Yes and no.
Considered as an abstraction, public opinion can be ignored by ruthless men in power, it's true. See the US today.
But insofar as public opinion influences parliaments, kings, prime ministers, presidents, those determining national policy, public opinion may be everything. For example we know that public opinion averse to the Romanovs, at least among Britain's laboring classses, led to the decision on the part of George V and Parliament to deny the Romanovs asylum in Great Britain.
In the case of public opinion in other countries during the Russian Civil War, it helped , at least for a while, to lead to the decision on the part of the US, Great Britain, France, and Japan, to intervene against the Bolsheviks in Northern Russia and in the Vladivostok area and eastern Siberia. This was obviously a serious political and military problem for the Bolsheviks and one they would not have wanted to make worse by arousing hostile public opinion in those countries.
But more importantly, public opinion, considered more generally as popular support or popular opposition, mattered tremendously to the Bolsheviks in the spring and summer of 1918, as it did to the Whites. If you're recruiting fighting men among the local populace and also needing to be fed by them, as were the Bolsheviks, well,it doesn't pay to offend them or unnecessarily piss them off , or ignore their opinions, so to speak. Exactly how the murder of the IF would play to these people certainly varied, but it's hard to see how it would have benefited them. Opposition to Nicholas' reign most certainly doesn't equate to approval of the murder of his family.

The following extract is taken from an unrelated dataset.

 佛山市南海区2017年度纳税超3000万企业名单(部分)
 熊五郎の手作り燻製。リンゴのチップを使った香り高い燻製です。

Obviously public opinion is not monolithic or static, and varies from place to place. And in the RUssian instance we're talking about , it certainly wasn't widely pro-Romanov inthe Urals. But neither was it (or wouldn't have been) approving of the slaughter of the entire IF, females and children included, especially among the western democracies , nor even within Russia generally, and again, even less so among Orthodox Russians, including the peasantry, whose opinion, favorable or otherwise, it would not be wise to ignore.